(Beginning of Collected data)

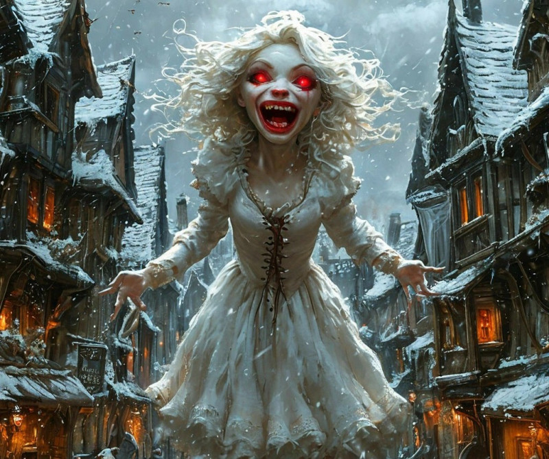 - Я же сказала, что вам не уйти! – Злорадно произнесла Мила с Мертвых улиц, щеря острые зубы, ее алые глаза горели сквозь лютый снегопад. – Сейчас Вайрат приведет остальных, и вместе мы разорвем вас на кусочки! На много мелких вкусных кусочков!
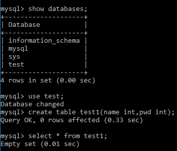 然后就可以正常在数据库里建表,查询,插入删除等等了,mysql的环境就装完啦。
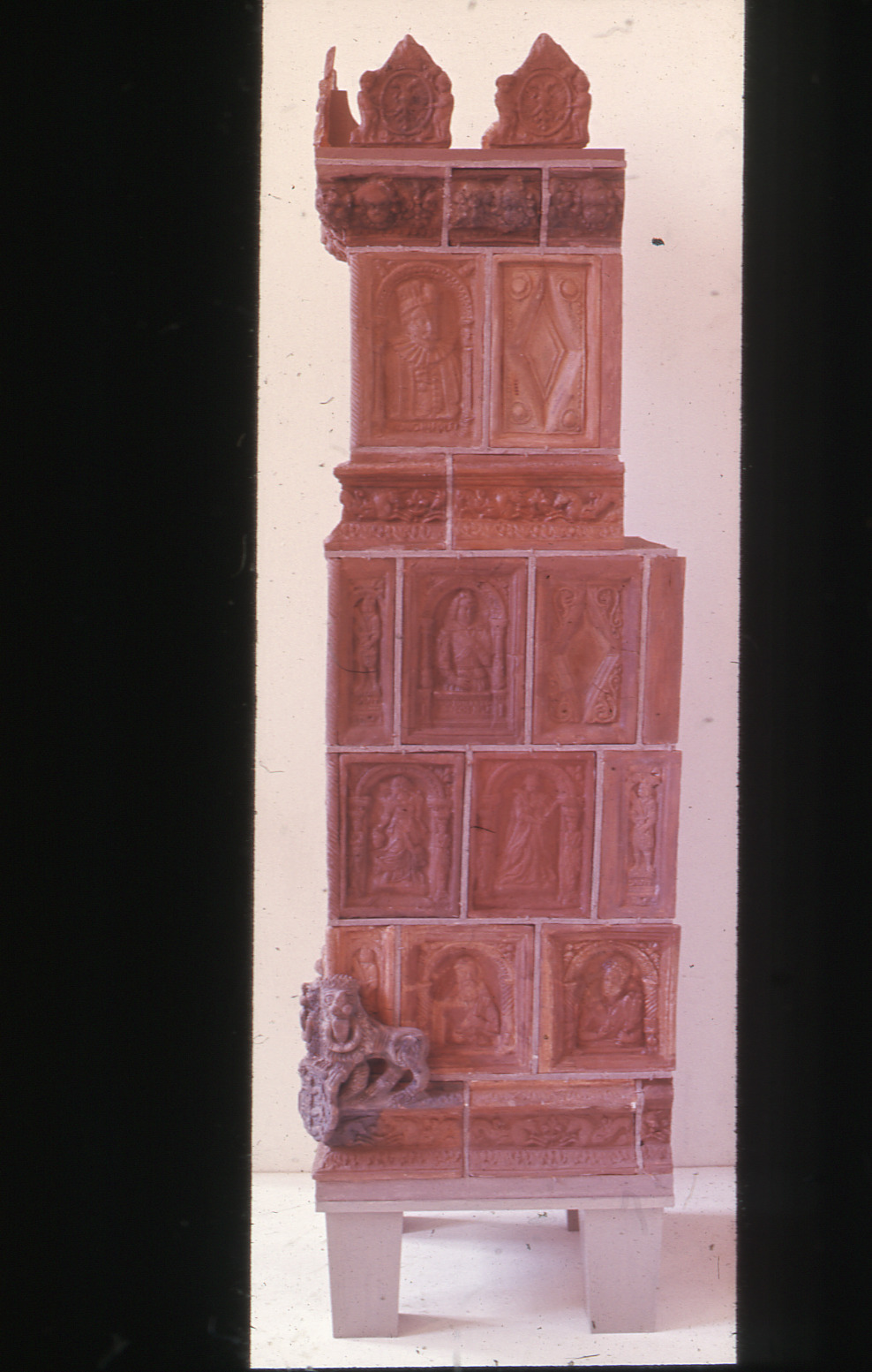 Lundaarkeologiska avdelningens fotonegativ. Lund. Biläggarugn, 1600-talets mitt Rekonstr. av jordfunna kakel. Färgfoto.

(End of Collected data)

Task goal: A faithful transcription of the material, with no pictures, is the expected result.

Task result:
 - Я же сказала, что вам не уйти! – Злорадно произнесла Мила с Мертвых улиц, щеря острые зубы, ее алые глаза горели сквозь лютый снегопад. – Сейчас Вайрат приведет остальных, и вместе мы разорвем вас на кусочки! На много мелких вкусных кусочков!
 然后就可以正常在数据库里建表,查询,插入删除等等了,mysql的环境就装完啦。
 Lundaarkeologiska avdelningens fotonegativ. Lund. Biläggarugn, 1600-talets mitt Rekonstr. av jordfunna kakel. Färgfoto.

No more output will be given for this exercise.